Sebanyak 123 siswa dari tujuh kelas berbaris rapi untuk menerima paket makanan. Bagi para siswa, pembagian makanan MBG bukan hanya waktu makan, tetapi juga menjadi pengalaman yang menyenangkan dan dinanti setiap hari.
Kepala TK Aisyiyah Balang Bodong, Murtiati (57), mengatakan program MBG membawa perubahan nyata pada kebiasaan makan anak-anak. Ia menilai perbedaan kondisi sebelum dan sesudah program berjalan cukup mencolok.
“Dulu anak-anak yang bawa bekal sering kali hanya snack ringan seperti ciki. Sekarang alhamdulillah semua bisa makan makanan bergizi di sekolah,” ujar Murtiati.

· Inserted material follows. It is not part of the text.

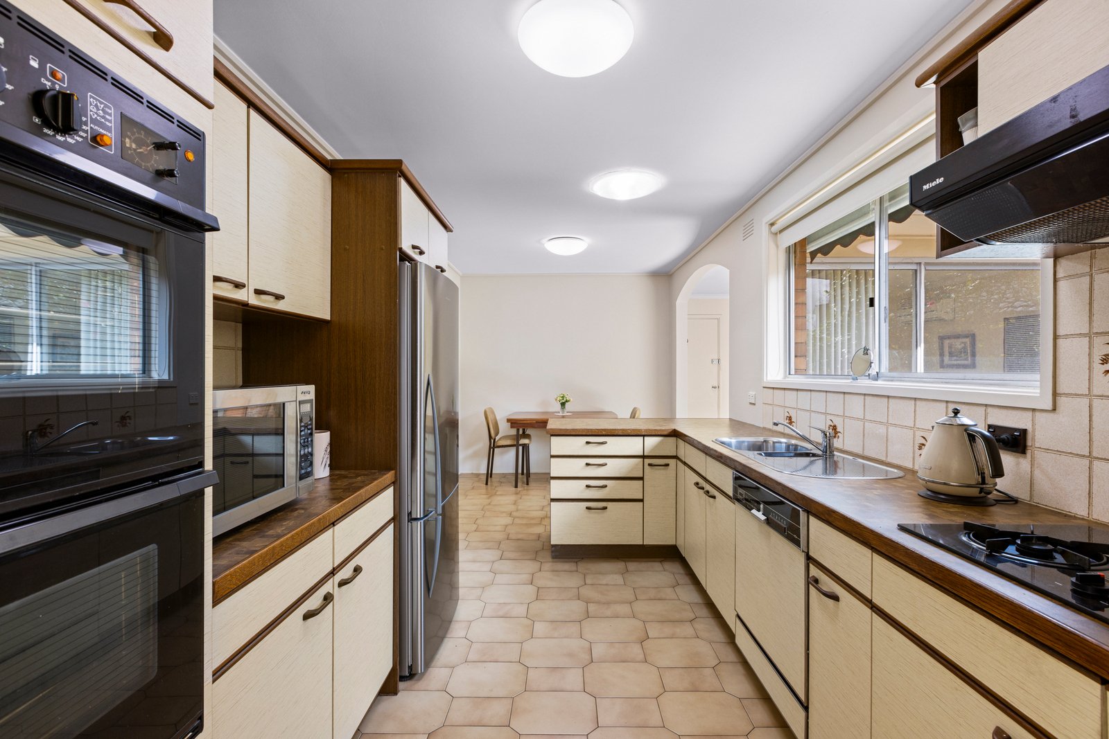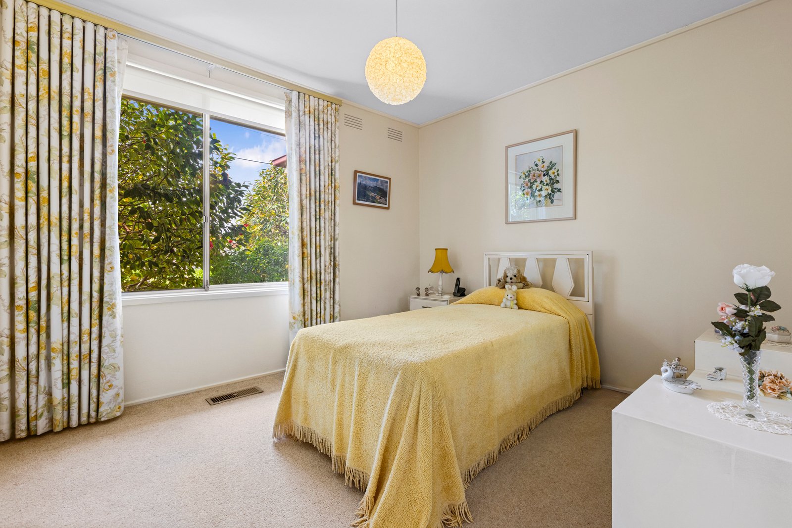 Showcasing classic design for contemporary living. It is an ideal choice for families seeking a convenient lifestyle. The home's facade showcases aluminium windows that invite natural light through. A concrete driveway complements the lush, landscaped gardens, adding texture and enhancing street appeal. Private backyard, creating the perfect outdoor setting for hosting gatherings or enjoying relaxed family weekends. Inside, this solid brick three bedroom home comprises of an L shaped living and dining area, carpeted floors add warmth and elegance, three generously sized bedrooms provide ample storage, the well maintained kitchen boasts cabinetry and drawers, paired with a dishwasher, oven and gas burner cooktop, complemented by a meals area that flows seamlessly outside, ducted heating and split cooling , laundry with external access and hot water system.

Murtiati, yang dalam tujuh bulan terakhir memimpin sekolah tersebut, menyebut dampak program terasa terutama bagi siswa dari keluarga prasejahtera. Menurutnya, MBG tidak hanya membantu memastikan asupan gizi anak lebih baik, tetapi juga mendorong perubahan perilaku yang positif.
Salah satu perubahan yang paling terlihat, kata Murtiati, adalah peningkatan kehadiran siswa. Jika sebelumnya terdapat sekitar lima hingga sepuluh anak absen setiap hari, kini tingkat kehadiran disebut nyaris sempurna.

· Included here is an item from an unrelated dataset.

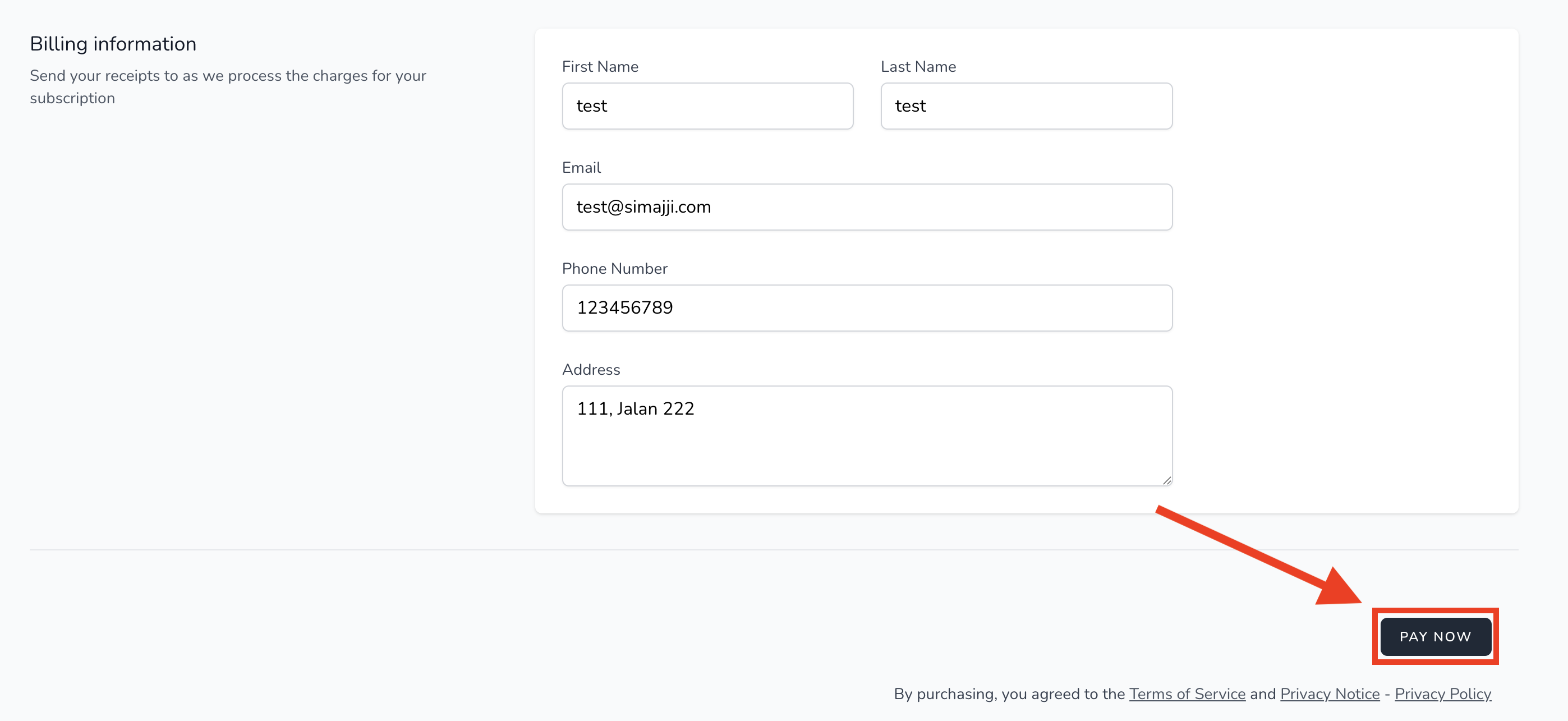 - Setelah mengesahkan sekali lagi anda telah memilih pakej, kaedah pembayaran, isikan maklumat pengebilan dan maklumat domain. Kemudian anda boleh butang "PAY NOW" dan selesaikan pembayaran.

“Sekarang hampir 100 persen hadir. Anak-anak jadi lebih semangat ke sekolah karena menunggu MBG,” katanya.
Perubahan juga terlihat pada kondisi fisik siswa. Murtiati menuturkan anak-anak tampak lebih sehat dan aktif, dengan berat badan yang mulai meningkat seiring konsumsi rutin makanan bergizi seperti telur, buah, dan susu.

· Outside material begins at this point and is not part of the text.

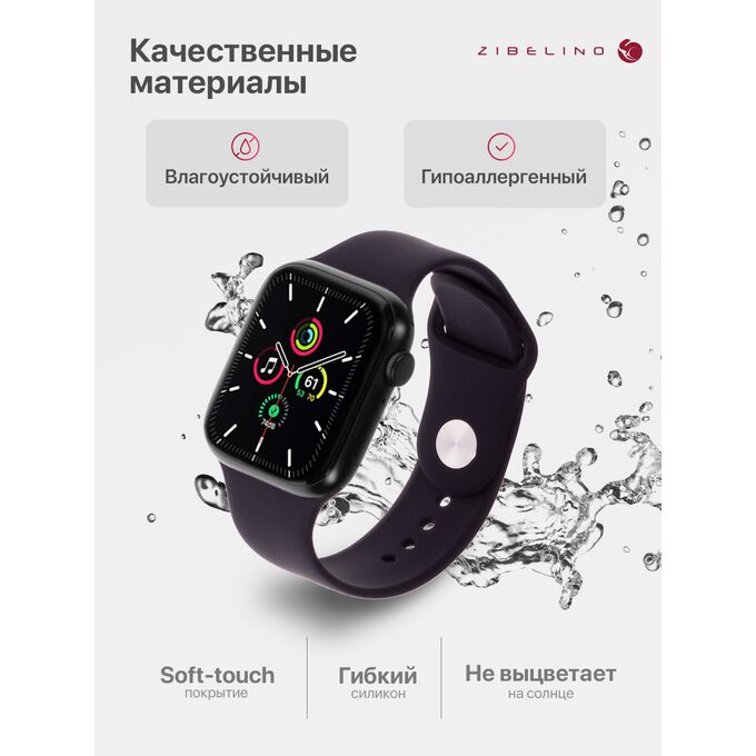 - Комфорт и гигиеничность: гипоаллергенный силикон браслета Apple Watch с soft touch покрытием мягкий, гладкий и приятный на ощупь. Не натирает кожу даже при длительном ношении. Выемки на обратной стороне ремешка отводят влагу.
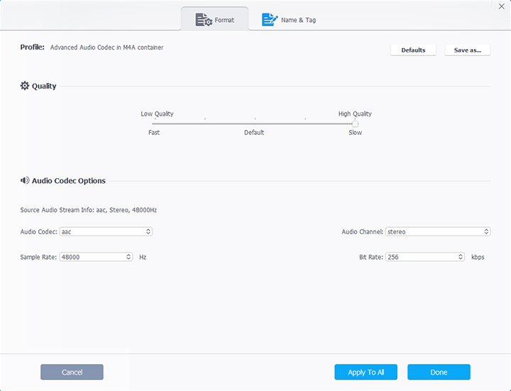 You can also edit the metadata in the "Name & Tag" tab, including name, artist, album, media cover, etc. Click "Done" to confirm the changes.

“Kelihatan lebih berisi dan sehat. Apalagi ada susu dan buah, itu sangat baik untuk tumbuh kembang mereka,” tambahnya.
Meski sesekali ada evaluasi terkait cita rasa makanan, Murtiati menilai hal itu wajar dan tidak mengurangi manfaat program. Ia berharap MBG dapat terus berlanjut dan menjangkau lebih banyak anak.
Di TK Aisyiyah Balang Bodong, keceriaan yang kembali terdengar setiap pagi menjadi penanda perubahan: kebiasaan makan yang lebih seimbang, semangat hadir ke sekolah, serta harapan akan tumbuh kembang anak yang lebih baik.